Provided records =
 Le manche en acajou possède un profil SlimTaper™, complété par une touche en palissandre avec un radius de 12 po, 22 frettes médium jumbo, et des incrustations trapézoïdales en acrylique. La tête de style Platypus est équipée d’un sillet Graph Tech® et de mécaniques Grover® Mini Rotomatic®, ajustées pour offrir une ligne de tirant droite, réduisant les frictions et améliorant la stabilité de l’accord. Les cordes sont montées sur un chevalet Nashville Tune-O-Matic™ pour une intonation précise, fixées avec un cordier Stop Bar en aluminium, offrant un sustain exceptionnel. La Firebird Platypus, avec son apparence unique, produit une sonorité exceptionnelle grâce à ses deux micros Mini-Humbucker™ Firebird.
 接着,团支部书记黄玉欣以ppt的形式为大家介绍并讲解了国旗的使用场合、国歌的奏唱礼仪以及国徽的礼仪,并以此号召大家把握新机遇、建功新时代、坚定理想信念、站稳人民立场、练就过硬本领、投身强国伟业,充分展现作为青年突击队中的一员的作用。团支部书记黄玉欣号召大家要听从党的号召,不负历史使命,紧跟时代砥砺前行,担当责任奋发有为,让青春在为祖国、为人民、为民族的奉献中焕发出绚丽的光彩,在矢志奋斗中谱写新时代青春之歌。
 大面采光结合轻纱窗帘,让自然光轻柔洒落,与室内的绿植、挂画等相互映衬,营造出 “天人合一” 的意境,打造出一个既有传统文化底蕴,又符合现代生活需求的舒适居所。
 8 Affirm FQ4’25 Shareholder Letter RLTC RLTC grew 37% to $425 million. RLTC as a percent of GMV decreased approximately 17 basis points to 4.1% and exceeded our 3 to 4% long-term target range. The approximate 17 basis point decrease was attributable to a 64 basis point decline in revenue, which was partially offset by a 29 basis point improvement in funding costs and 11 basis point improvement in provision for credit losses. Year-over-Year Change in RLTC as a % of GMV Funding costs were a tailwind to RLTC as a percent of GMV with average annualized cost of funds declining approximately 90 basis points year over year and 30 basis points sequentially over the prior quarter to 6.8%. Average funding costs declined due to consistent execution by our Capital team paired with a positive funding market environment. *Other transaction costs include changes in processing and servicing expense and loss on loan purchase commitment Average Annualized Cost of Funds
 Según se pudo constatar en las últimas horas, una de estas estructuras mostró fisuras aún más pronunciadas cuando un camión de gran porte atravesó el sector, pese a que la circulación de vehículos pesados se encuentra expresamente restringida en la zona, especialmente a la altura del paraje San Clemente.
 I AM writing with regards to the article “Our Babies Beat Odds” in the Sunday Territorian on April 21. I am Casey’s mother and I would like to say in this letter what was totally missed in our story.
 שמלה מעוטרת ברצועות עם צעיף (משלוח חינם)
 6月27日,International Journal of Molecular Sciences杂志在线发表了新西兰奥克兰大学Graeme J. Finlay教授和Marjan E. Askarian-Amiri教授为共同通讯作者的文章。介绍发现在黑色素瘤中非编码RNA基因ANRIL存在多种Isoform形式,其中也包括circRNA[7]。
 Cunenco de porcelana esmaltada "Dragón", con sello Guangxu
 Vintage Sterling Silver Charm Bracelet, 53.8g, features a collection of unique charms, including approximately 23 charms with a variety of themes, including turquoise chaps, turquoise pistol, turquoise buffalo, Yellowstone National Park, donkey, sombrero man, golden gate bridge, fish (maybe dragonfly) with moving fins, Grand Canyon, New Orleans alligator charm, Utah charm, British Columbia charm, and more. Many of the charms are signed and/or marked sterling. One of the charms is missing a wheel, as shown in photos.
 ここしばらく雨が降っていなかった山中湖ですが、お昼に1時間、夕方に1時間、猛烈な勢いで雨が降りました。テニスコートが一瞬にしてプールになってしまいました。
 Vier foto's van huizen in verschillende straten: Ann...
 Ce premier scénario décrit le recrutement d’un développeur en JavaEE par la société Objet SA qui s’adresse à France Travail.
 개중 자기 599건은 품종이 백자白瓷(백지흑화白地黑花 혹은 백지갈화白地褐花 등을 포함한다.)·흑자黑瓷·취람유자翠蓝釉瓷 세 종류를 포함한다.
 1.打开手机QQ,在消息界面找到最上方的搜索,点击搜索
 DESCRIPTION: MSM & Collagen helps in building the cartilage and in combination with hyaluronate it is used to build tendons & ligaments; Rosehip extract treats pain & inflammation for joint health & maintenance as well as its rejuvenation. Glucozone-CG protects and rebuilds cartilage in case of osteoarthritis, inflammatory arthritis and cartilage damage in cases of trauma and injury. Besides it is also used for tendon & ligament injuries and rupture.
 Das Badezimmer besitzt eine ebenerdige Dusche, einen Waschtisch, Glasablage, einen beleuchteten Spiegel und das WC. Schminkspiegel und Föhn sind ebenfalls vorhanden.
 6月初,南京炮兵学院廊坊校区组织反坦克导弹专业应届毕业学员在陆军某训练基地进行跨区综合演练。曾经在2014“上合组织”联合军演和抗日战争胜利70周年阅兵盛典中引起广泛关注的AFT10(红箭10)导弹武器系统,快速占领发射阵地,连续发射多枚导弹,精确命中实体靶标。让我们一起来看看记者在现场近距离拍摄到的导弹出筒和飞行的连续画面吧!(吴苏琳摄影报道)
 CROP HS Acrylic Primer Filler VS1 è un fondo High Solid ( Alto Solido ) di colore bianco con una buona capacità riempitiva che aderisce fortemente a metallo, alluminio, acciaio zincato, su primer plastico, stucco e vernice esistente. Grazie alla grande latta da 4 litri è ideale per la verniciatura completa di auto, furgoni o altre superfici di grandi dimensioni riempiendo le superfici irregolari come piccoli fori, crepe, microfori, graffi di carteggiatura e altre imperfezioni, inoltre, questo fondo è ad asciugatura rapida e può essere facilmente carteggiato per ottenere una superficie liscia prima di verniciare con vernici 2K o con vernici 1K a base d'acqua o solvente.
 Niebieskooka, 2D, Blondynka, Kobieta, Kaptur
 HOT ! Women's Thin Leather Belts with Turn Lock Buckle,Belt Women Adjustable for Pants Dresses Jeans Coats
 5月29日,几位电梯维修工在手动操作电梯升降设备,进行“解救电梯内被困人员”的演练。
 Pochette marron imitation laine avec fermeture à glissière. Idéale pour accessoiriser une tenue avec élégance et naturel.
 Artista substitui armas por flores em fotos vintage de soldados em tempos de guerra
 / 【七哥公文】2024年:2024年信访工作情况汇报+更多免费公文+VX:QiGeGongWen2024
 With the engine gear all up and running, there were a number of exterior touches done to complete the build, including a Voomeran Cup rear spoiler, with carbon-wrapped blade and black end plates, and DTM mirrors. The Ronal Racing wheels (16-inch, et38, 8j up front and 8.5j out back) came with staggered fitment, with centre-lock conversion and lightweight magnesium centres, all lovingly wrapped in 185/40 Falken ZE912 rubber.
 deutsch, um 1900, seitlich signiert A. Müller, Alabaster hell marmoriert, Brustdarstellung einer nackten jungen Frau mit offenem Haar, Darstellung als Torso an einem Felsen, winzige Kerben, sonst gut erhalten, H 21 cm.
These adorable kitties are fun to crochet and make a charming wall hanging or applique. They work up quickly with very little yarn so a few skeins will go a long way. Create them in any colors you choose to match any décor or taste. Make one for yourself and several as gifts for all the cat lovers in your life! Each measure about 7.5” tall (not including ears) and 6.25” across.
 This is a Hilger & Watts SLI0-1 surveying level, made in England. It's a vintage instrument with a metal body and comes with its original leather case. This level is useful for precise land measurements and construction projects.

Assignment = Give the whole listing again, character for character.

The answer =
 Le manche en acajou possède un profil SlimTaper™, complété par une touche en palissandre avec un radius de 12 po, 22 frettes médium jumbo, et des incrustations trapézoïdales en acrylique. La tête de style Platypus est équipée d’un sillet Graph Tech® et de mécaniques Grover® Mini Rotomatic®, ajustées pour offrir une ligne de tirant droite, réduisant les frictions et améliorant la stabilité de l’accord. Les cordes sont montées sur un chevalet Nashville Tune-O-Matic™ pour une intonation précise, fixées avec un cordier Stop Bar en aluminium, offrant un sustain exceptionnel. La Firebird Platypus, avec son apparence unique, produit une sonorité exceptionnelle grâce à ses deux micros Mini-Humbucker™ Firebird.
 接着,团支部书记黄玉欣以ppt的形式为大家介绍并讲解了国旗的使用场合、国歌的奏唱礼仪以及国徽的礼仪,并以此号召大家把握新机遇、建功新时代、坚定理想信念、站稳人民立场、练就过硬本领、投身强国伟业,充分展现作为青年突击队中的一员的作用。团支部书记黄玉欣号召大家要听从党的号召,不负历史使命,紧跟时代砥砺前行,担当责任奋发有为,让青春在为祖国、为人民、为民族的奉献中焕发出绚丽的光彩,在矢志奋斗中谱写新时代青春之歌。
 大面采光结合轻纱窗帘,让自然光轻柔洒落,与室内的绿植、挂画等相互映衬,营造出 “天人合一” 的意境,打造出一个既有传统文化底蕴,又符合现代生活需求的舒适居所。
 8 Affirm FQ4’25 Shareholder Letter RLTC RLTC grew 37% to $425 million. RLTC as a percent of GMV decreased approximately 17 basis points to 4.1% and exceeded our 3 to 4% long-term target range. The approximate 17 basis point decrease was attributable to a 64 basis point decline in revenue, which was partially offset by a 29 basis point improvement in funding costs and 11 basis point improvement in provision for credit losses. Year-over-Year Change in RLTC as a % of GMV Funding costs were a tailwind to RLTC as a percent of GMV with average annualized cost of funds declining approximately 90 basis points year over year and 30 basis points sequentially over the prior quarter to 6.8%. Average funding costs declined due to consistent execution by our Capital team paired with a positive funding market environment. *Other transaction costs include changes in processing and servicing expense and loss on loan purchase commitment Average Annualized Cost of Funds
 Según se pudo constatar en las últimas horas, una de estas estructuras mostró fisuras aún más pronunciadas cuando un camión de gran porte atravesó el sector, pese a que la circulación de vehículos pesados se encuentra expresamente restringida en la zona, especialmente a la altura del paraje San Clemente.
 I AM writing with regards to the article “Our Babies Beat Odds” in the Sunday Territorian on April 21. I am Casey’s mother and I would like to say in this letter what was totally missed in our story.
 שמלה מעוטרת ברצועות עם צעיף (משלוח חינם)
 6月27日,International Journal of Molecular Sciences杂志在线发表了新西兰奥克兰大学Graeme J. Finlay教授和Marjan E. Askarian-Amiri教授为共同通讯作者的文章。介绍发现在黑色素瘤中非编码RNA基因ANRIL存在多种Isoform形式,其中也包括circRNA[7]。
 Cunenco de porcelana esmaltada "Dragón", con sello Guangxu
 Vintage Sterling Silver Charm Bracelet, 53.8g, features a collection of unique charms, including approximately 23 charms with a variety of themes, including turquoise chaps, turquoise pistol, turquoise buffalo, Yellowstone National Park, donkey, sombrero man, golden gate bridge, fish (maybe dragonfly) with moving fins, Grand Canyon, New Orleans alligator charm, Utah charm, British Columbia charm, and more. Many of the charms are signed and/or marked sterling. One of the charms is missing a wheel, as shown in photos.
 ここしばらく雨が降っていなかった山中湖ですが、お昼に1時間、夕方に1時間、猛烈な勢いで雨が降りました。テニスコートが一瞬にしてプールになってしまいました。
 Vier foto's van huizen in verschillende straten: Ann...
 Ce premier scénario décrit le recrutement d’un développeur en JavaEE par la société Objet SA qui s’adresse à France Travail.
 개중 자기 599건은 품종이 백자白瓷(백지흑화白地黑花 혹은 백지갈화白地褐花 등을 포함한다.)·흑자黑瓷·취람유자翠蓝釉瓷 세 종류를 포함한다.
 1.打开手机QQ,在消息界面找到最上方的搜索,点击搜索
 DESCRIPTION: MSM & Collagen helps in building the cartilage and in combination with hyaluronate it is used to build tendons & ligaments; Rosehip extract treats pain & inflammation for joint health & maintenance as well as its rejuvenation. Glucozone-CG protects and rebuilds cartilage in case of osteoarthritis, inflammatory arthritis and cartilage damage in cases of trauma and injury. Besides it is also used for tendon & ligament injuries and rupture.
 Das Badezimmer besitzt eine ebenerdige Dusche, einen Waschtisch, Glasablage, einen beleuchteten Spiegel und das WC. Schminkspiegel und Föhn sind ebenfalls vorhanden.
 6月初,南京炮兵学院廊坊校区组织反坦克导弹专业应届毕业学员在陆军某训练基地进行跨区综合演练。曾经在2014“上合组织”联合军演和抗日战争胜利70周年阅兵盛典中引起广泛关注的AFT10(红箭10)导弹武器系统,快速占领发射阵地,连续发射多枚导弹,精确命中实体靶标。让我们一起来看看记者在现场近距离拍摄到的导弹出筒和飞行的连续画面吧!(吴苏琳摄影报道)
 CROP HS Acrylic Primer Filler VS1 è un fondo High Solid ( Alto Solido ) di colore bianco con una buona capacità riempitiva che aderisce fortemente a metallo, alluminio, acciaio zincato, su primer plastico, stucco e vernice esistente. Grazie alla grande latta da 4 litri è ideale per la verniciatura completa di auto, furgoni o altre superfici di grandi dimensioni riempiendo le superfici irregolari come piccoli fori, crepe, microfori, graffi di carteggiatura e altre imperfezioni, inoltre, questo fondo è ad asciugatura rapida e può essere facilmente carteggiato per ottenere una superficie liscia prima di verniciare con vernici 2K o con vernici 1K a base d'acqua o solvente.
 Niebieskooka, 2D, Blondynka, Kobieta, Kaptur
 HOT ! Women's Thin Leather Belts with Turn Lock Buckle,Belt Women Adjustable for Pants Dresses Jeans Coats
 5月29日,几位电梯维修工在手动操作电梯升降设备,进行“解救电梯内被困人员”的演练。
 Pochette marron imitation laine avec fermeture à glissière. Idéale pour accessoiriser une tenue avec élégance et naturel.
 Artista substitui armas por flores em fotos vintage de soldados em tempos de guerra
 / 【七哥公文】2024年:2024年信访工作情况汇报+更多免费公文+VX:QiGeGongWen2024
 With the engine gear all up and running, there were a number of exterior touches done to complete the build, including a Voomeran Cup rear spoiler, with carbon-wrapped blade and black end plates, and DTM mirrors. The Ronal Racing wheels (16-inch, et38, 8j up front and 8.5j out back) came with staggered fitment, with centre-lock conversion and lightweight magnesium centres, all lovingly wrapped in 185/40 Falken ZE912 rubber.
 deutsch, um 1900, seitlich signiert A. Müller, Alabaster hell marmoriert, Brustdarstellung einer nackten jungen Frau mit offenem Haar, Darstellung als Torso an einem Felsen, winzige Kerben, sonst gut erhalten, H 21 cm.
These adorable kitties are fun to crochet and make a charming wall hanging or applique. They work up quickly with very little yarn so a few skeins will go a long way. Create them in any colors you choose to match any décor or taste. Make one for yourself and several as gifts for all the cat lovers in your life! Each measure about 7.5” tall (not including ears) and 6.25” across.
 This is a Hilger & Watts SLI0-1 surveying level, made in England. It's a vintage instrument with a metal body and comes with its original leather case. This level is useful for precise land measurements and construction projects.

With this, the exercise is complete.